BEGIN Information shown

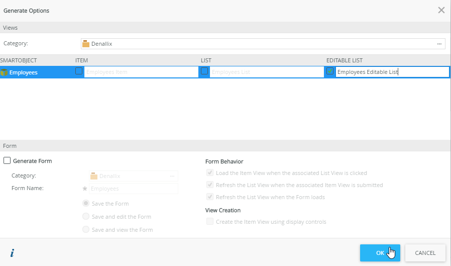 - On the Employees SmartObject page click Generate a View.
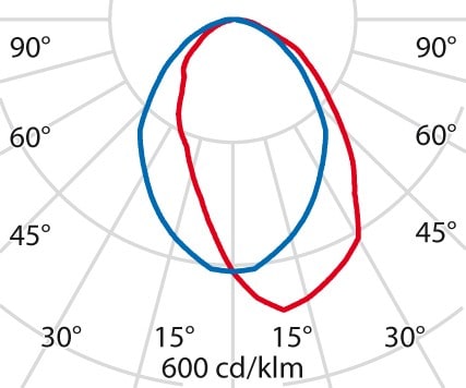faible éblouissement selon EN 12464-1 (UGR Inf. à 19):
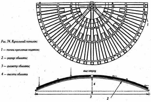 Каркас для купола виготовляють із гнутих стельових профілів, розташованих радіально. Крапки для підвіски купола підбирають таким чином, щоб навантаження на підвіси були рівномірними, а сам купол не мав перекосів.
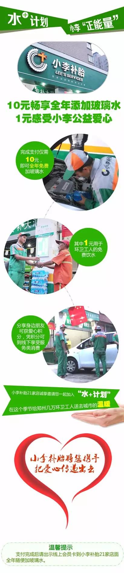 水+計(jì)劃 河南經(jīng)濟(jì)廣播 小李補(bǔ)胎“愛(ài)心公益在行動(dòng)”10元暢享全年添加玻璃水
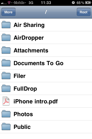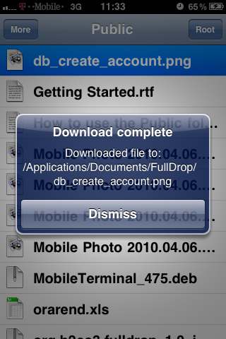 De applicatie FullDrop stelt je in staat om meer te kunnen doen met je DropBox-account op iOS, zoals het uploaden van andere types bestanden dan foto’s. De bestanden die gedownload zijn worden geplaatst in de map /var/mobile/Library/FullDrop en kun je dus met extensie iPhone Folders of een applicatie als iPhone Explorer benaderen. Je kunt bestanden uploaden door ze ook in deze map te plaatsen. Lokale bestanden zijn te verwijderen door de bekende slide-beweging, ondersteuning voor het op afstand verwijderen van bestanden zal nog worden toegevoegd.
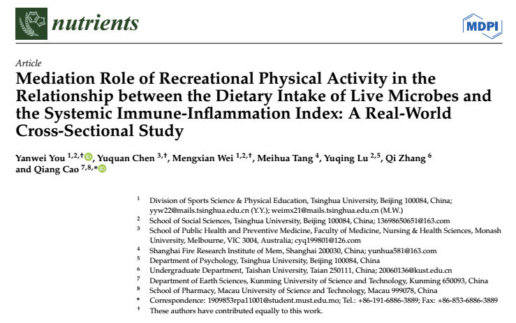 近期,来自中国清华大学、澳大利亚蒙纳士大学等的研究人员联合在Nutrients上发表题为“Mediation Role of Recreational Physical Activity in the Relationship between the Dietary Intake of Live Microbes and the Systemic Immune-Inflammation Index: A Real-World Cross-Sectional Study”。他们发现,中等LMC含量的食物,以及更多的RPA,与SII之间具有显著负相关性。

END Information shown
BEGIN Information shown

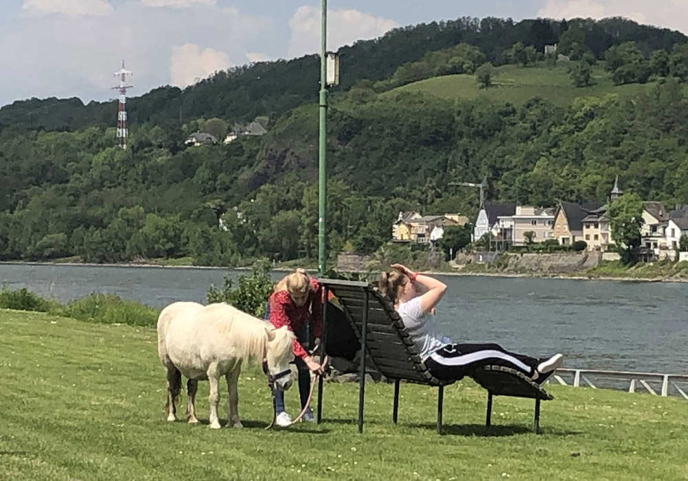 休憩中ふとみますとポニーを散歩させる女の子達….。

END Information shown

The problem: Both the line above containing "- On the Employees" and the line containing "Role of Recreational" belong in the copy, along with every line between them; print these exactly and omit the pictures.

Output of the exercise:
 - On the Employees SmartObject page click Generate a View.
faible éblouissement selon EN 12464-1 (UGR Inf. à 19):
 Каркас для купола виготовляють із гнутих стельових профілів, розташованих радіально. Крапки для підвіски купола підбирають таким чином, щоб навантаження на підвіси були рівномірними, а сам купол не мав перекосів.
 水+計(jì)劃 河南經(jīng)濟(jì)廣播 小李補(bǔ)胎“愛(ài)心公益在行動(dòng)”10元暢享全年添加玻璃水
 De applicatie FullDrop stelt je in staat om meer te kunnen doen met je DropBox-account op iOS, zoals het uploaden van andere types bestanden dan foto’s. De bestanden die gedownload zijn worden geplaatst in de map /var/mobile/Library/FullDrop en kun je dus met extensie iPhone Folders of een applicatie als iPhone Explorer benaderen. Je kunt bestanden uploaden door ze ook in deze map te plaatsen. Lokale bestanden zijn te verwijderen door de bekende slide-beweging, ondersteuning voor het op afstand verwijderen van bestanden zal nog worden toegevoegd.
 近期,来自中国清华大学、澳大利亚蒙纳士大学等的研究人员联合在Nutrients上发表题为“Mediation Role of Recreational Physical Activity in the Relationship between the Dietary Intake of Live Microbes and the Systemic Immune-Inflammation Index: A Real-World Cross-Sectional Study”。他们发现,中等LMC含量的食物,以及更多的RPA,与SII之间具有显著负相关性。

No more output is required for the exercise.